Question

Limits of sums Use the definition of the definite integral to evaluate the following definite integrals. Use right Riemann sums and Theorem 5.1 $$\int_{1}^{5}(1-x) d x$$

Short answer

Question: Evaluate the definite integral $$\int_{1}^{5}(1-x) d x$$ using right Riemann sums and Theorem 5.1. Answer: -8

Step-by-step solution

step 1: Partition the interval

Divide the interval [1, 5] into n equal subintervals, where the width of each subinterval is given by: $$\Delta x = \frac{b-a}{n} = \frac{5-1}{n} = \frac{4}{n}$$

step 2: Find the function value at the right endpoint

For each right endpoint (denoted by x_i), evaluate the function (1-x): $$f_i = 1 - x_i$$

step 3: Calculate the Riemann sum

Using right Riemann sums, the sum will be: $$R_n = \sum_{i=1}^{n} f_i * \Delta x = \sum_{i=1}^{n} (1-x_i)\left(\frac{4}{n}\right) $$ We know that $$x_i = a +i*\Delta x = 1 + i\left(\frac{4}{n}\right) $$ Therefore, $$R_n = \frac{4}{n}\sum_{i=1}^{n}(1-(1+i\left(\frac{4}{n}\right)))$$

step 4: Find the limit of the sum

Theorem 5.1 states that the definite integral is equal to the limit of the Riemann sums as the number of partitions approaches infinity: $$\int_{1}^{5}(1-x) d x = \lim_{n \to \infty}R_n = \lim_{n \to \infty}\frac{4}{n}\sum_{i=1}^{n}(1-(1+i\left(\frac{4}{n}\right)))$$ By simplifying and calculating the limit using standard rules for algebraic manipulation and calculus, we arrive at the definite integral value: $$\int_{1}^{5}(1-x) d x = -8$$

Key concepts

Riemann Sums

Understanding Riemann sums is essential to grasp the concept of definite integrals. Riemann sums are a technique used to approximate the area under a curve—the integral—by dividing the area into small rectangles or trapezoids. To form a Riemann sum, first, we divide the interval of interest into smaller subintervals. Then, we calculate the area of each subinterval by multiplying the width of the subinterval by the value of the function at a chosen point within the subinterval, which can be the left endpoint, right endpoint, or the midpoint.

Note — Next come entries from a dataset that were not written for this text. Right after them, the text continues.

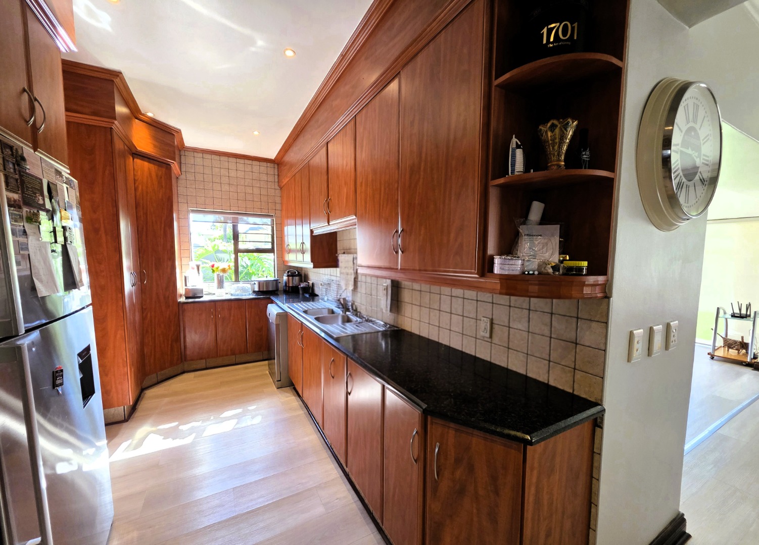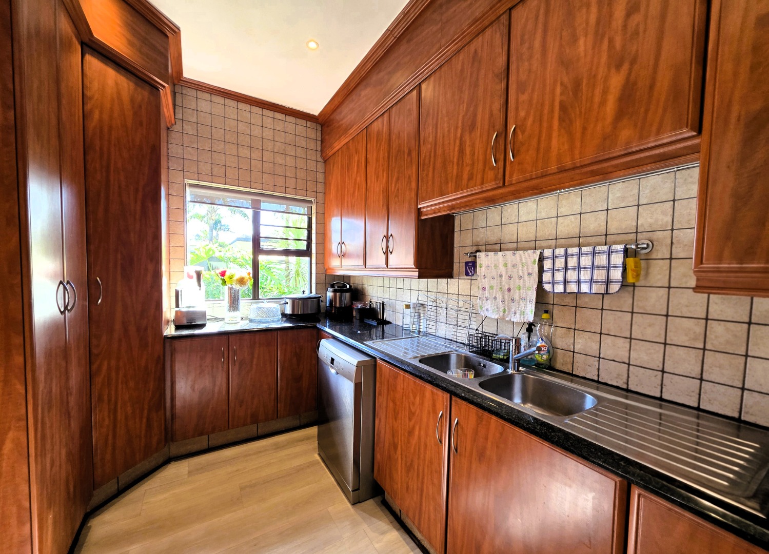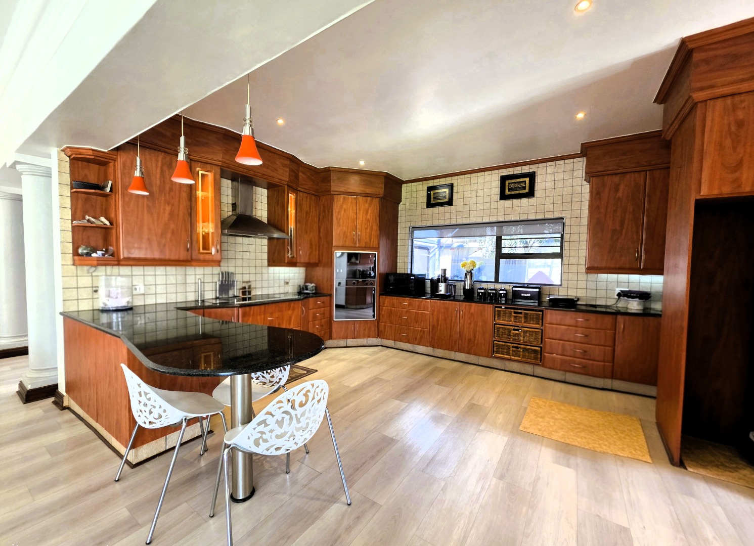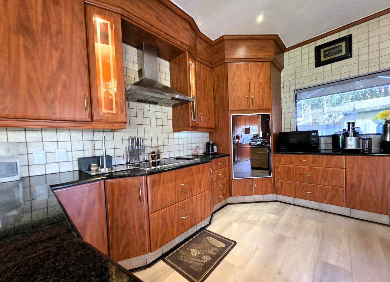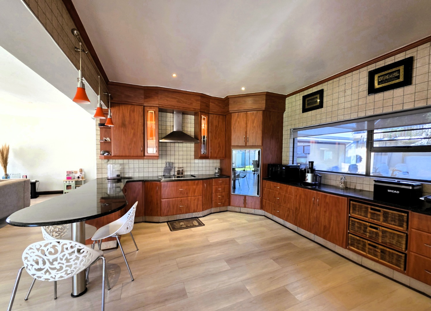 The well-appointed kitchen features granite countertops, a breakfast nook, ample wooden cabinetry, double eye-level ovens, an extractor fan, and a separate scullery for added convenience.
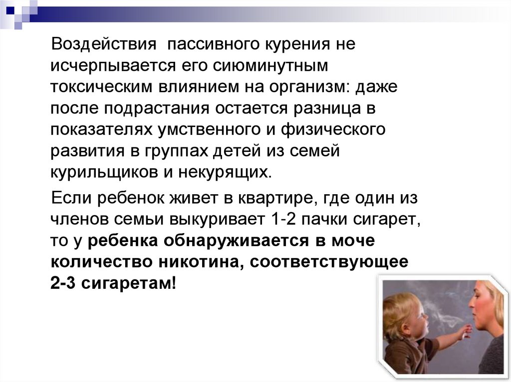Воздействия пассивного курения неисчерпывается его сиюминутным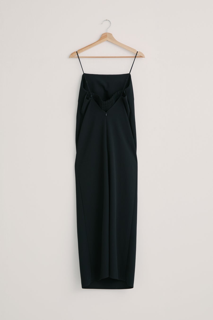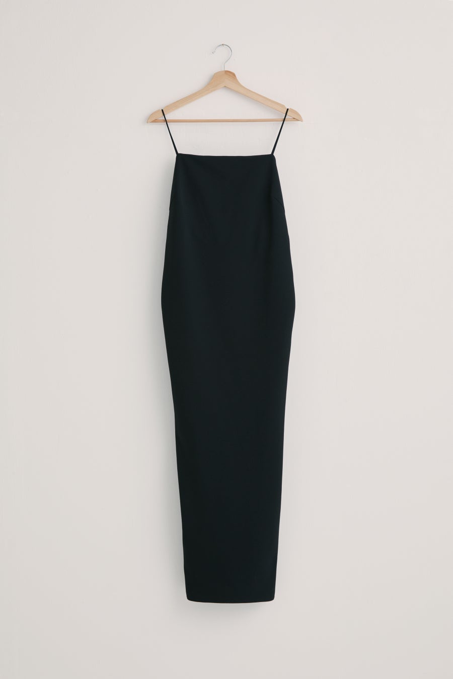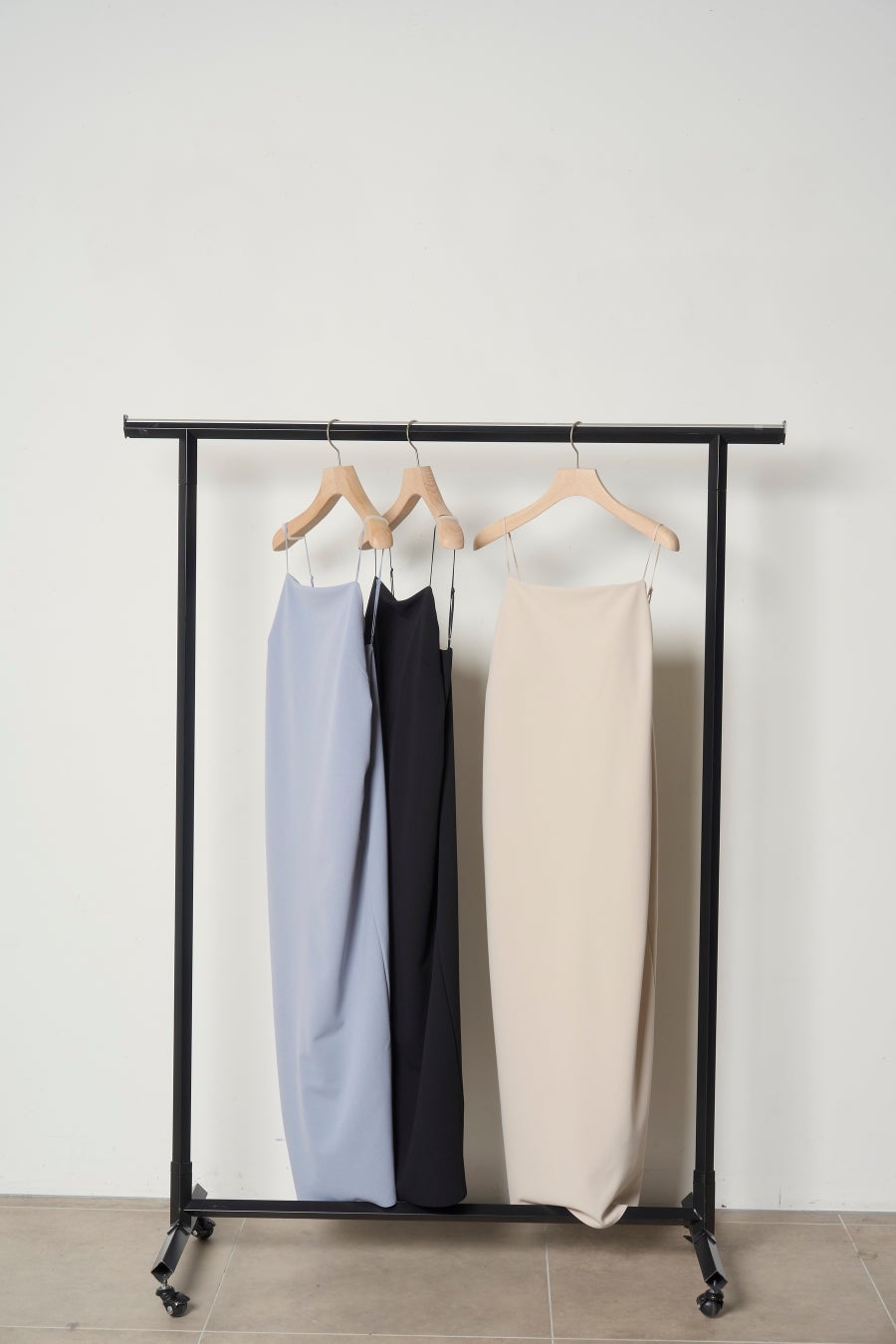 Iラインの美シルエットが映えるキャミソールワンピース。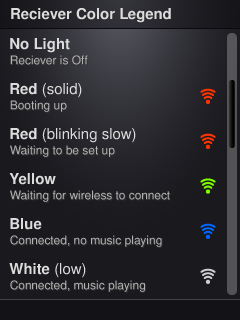 Under settings, we need to create an on device reference guide for the receiver led indicators colors. example: One screen that displays the various color configurations [white, green, red, blue, etc.] as they appear with text descriptions to the right. Is there a post of all the different config's I can use to create a mock-up?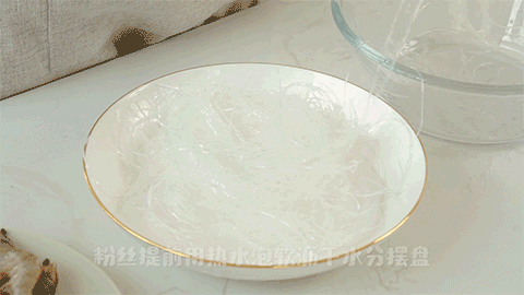 3. 粉丝沥干水分摆盘,中央盘起小山状,把处理好的虾整齐地摆上去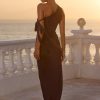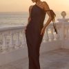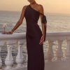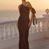 Our Viola Maxi Dress is a unique piece with an asymmetrical neckline that ties at the arm, perfect for a classic look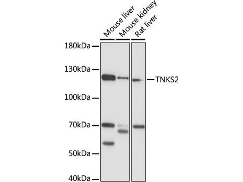Poly-ADP-ribosyltransferase involved in various processes such as Wnt signaling pathway, telomere length and vesicle trafficking. Acts as an activator of the Wnt signaling pathway by mediating poly-ADP-ribosylation of AXIN1 and AXIN2, 2 key components of the beta-catenin destruction complex: poly-ADP-ribosylated target proteins are recognized by RNF146, which mediates their ubiquitination and subsequent degradation. Also mediates poly-ADP-ribosylation of BLZF1 and CASC3, followed by recruitment of RNF146 and subsequent ubiquitination. Mediates poly-ADP-ribosylation of TERF1, thereby contributing to the regulation of telomere length. Stimulates 26S proteasome activity.,TNKS2,ARTD6,PARP-5b,PARP-5c,PARP5B,PARP5C,TANK2,TNKL,pART6,Epigenetics & Nuclear Signaling,Signal Transduction,Cell Biology & Developmental Biology,Cell Cycle,Centrosome,Wnt/β-Catenin Signaling Pathway,TNKS2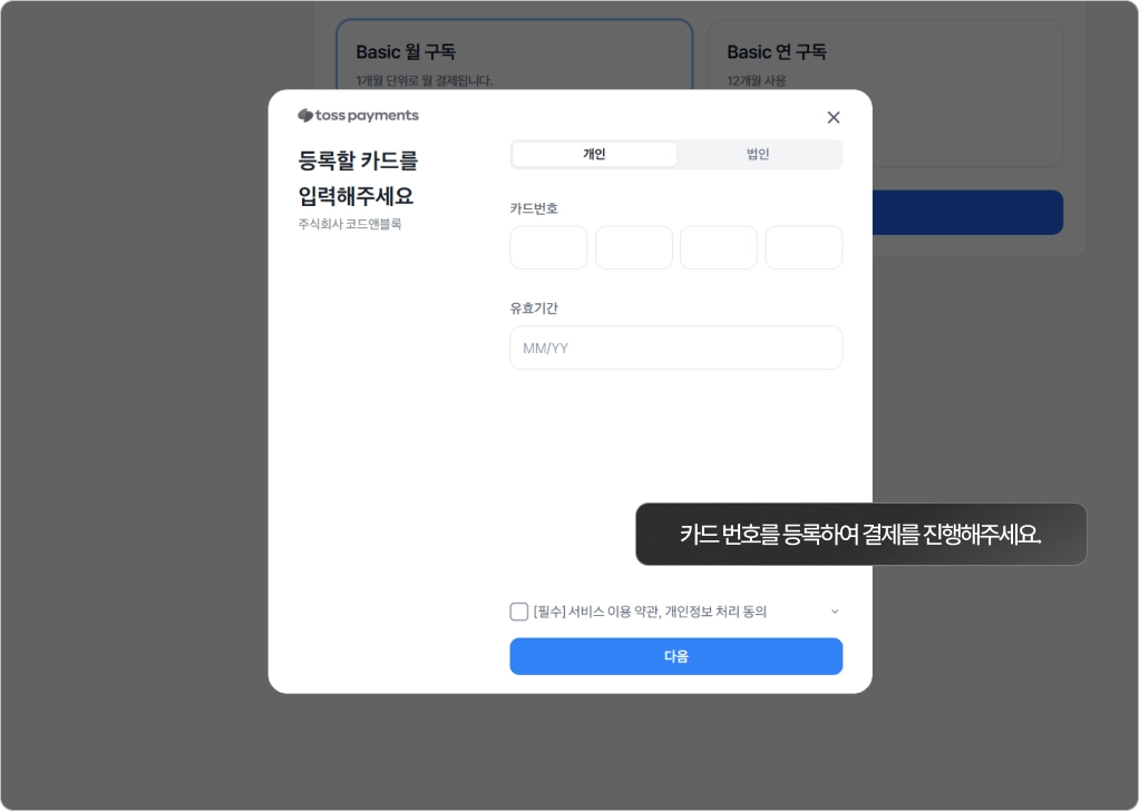 결제 정보를 입력 후 결제를 진행하면 결제슉 구독이 완료됩니다.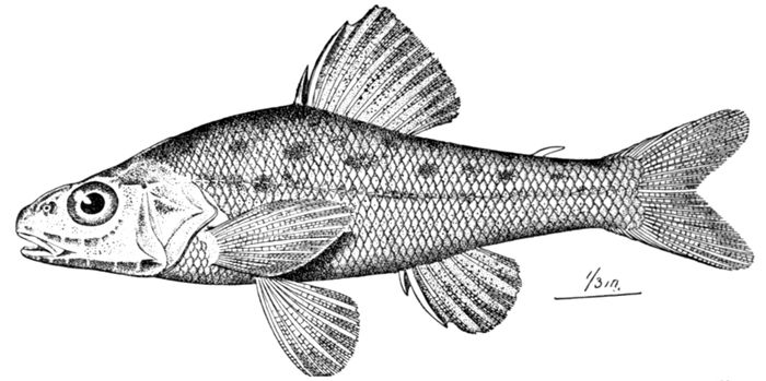 The European burbot, Lota lota, is common in the streams and lakes of northern Europe and Siberia. It is a bottom fish, coarse in flesh and rather tasteless, eaten sometimes when boiled and soaked in vinegar or made into salad. It is dark olive in color, thickly marbled with blackish.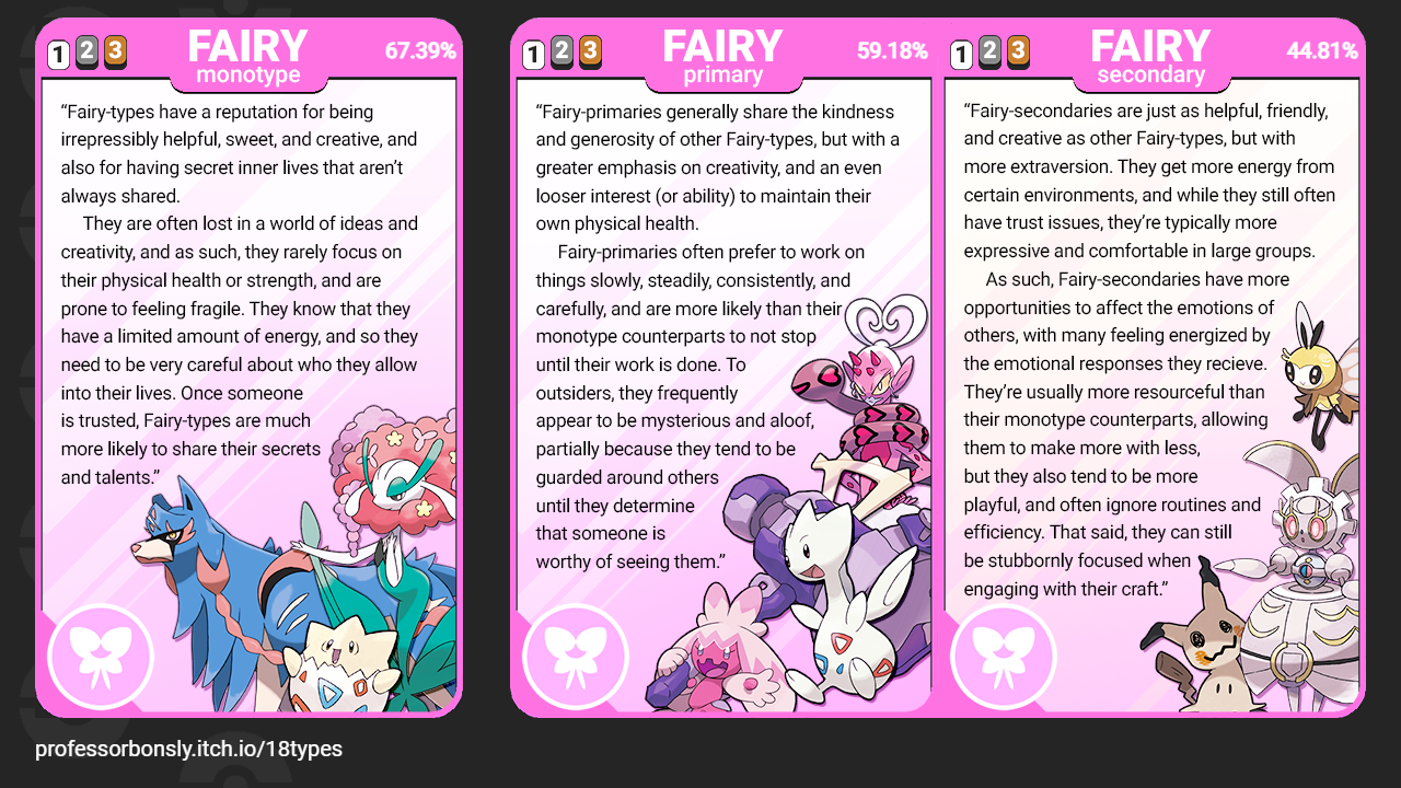 Primary: 1;Fairy (59,18%) 2; Phychic (30.23%) 3; Normal (20,34%)

The Riemann sum is then the sum of the areas of all these rectangles, which can be expressed as:
\[ R_n = \text{sum of all rectangles} = \sum_{i=1}^{n} f(x_i) \cdot \Delta x \] where \( f(x_i) \) represents the function's value at a specific point on the subinterval, and \( \Delta x \) is the width of each subinterval. If we increase the number of subintervals \(n\), the rectangles become thinner, and the sum becomes a better approximation of the area under the curve.

Limits of Sums

The limit of sums plays a pivotal role in defining the definite integral. It involves taking the Riemann sum and increasing the number of subintervals to infinity while simultaneously decreasing their width to zero. Mathematically, this means finding the limit of the Riemann sum as \( n \) approaches infinity:
\[ \lim_{n \to \infty} R_n \] This process ensures that we accurately measure the entire area under the curve without overestimating or underestimating by too much. The more subintervals we use, the closer our sum gets to the actual value of the definite integral. It is this limit of Riemann sums that equates to the exact value of the definite integral, providing a bridge between summation and integration.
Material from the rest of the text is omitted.